**Source information:**
□ □ □ □ □

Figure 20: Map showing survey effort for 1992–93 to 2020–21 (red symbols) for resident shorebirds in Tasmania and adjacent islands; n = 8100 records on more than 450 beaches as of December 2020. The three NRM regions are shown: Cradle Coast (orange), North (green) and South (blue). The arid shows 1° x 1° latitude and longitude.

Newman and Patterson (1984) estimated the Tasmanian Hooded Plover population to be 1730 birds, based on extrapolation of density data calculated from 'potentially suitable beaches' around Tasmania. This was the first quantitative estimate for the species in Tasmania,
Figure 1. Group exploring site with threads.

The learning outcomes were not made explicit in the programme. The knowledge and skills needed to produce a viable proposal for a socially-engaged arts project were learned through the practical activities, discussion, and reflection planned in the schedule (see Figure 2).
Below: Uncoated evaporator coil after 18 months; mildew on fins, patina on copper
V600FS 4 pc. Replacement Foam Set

□ □ □ □ □

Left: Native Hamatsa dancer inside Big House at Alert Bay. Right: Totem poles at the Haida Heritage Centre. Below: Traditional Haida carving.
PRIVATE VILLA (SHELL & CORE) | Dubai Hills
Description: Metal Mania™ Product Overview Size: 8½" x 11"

□ □ □ □ □

**Instructions for the task:** Using the entries above, give again exactly the lines from the line holding "PRIVATE VILLA (SHELL & CORE) | Dubai Hills" through the line holding "Description: Metal Mania™". Include both end lines and nothing else.

**Task solution:**
PRIVATE VILLA (SHELL & CORE) | Dubai Hills
Description: Metal Mania™ Product Overview Size: 8½" x 11"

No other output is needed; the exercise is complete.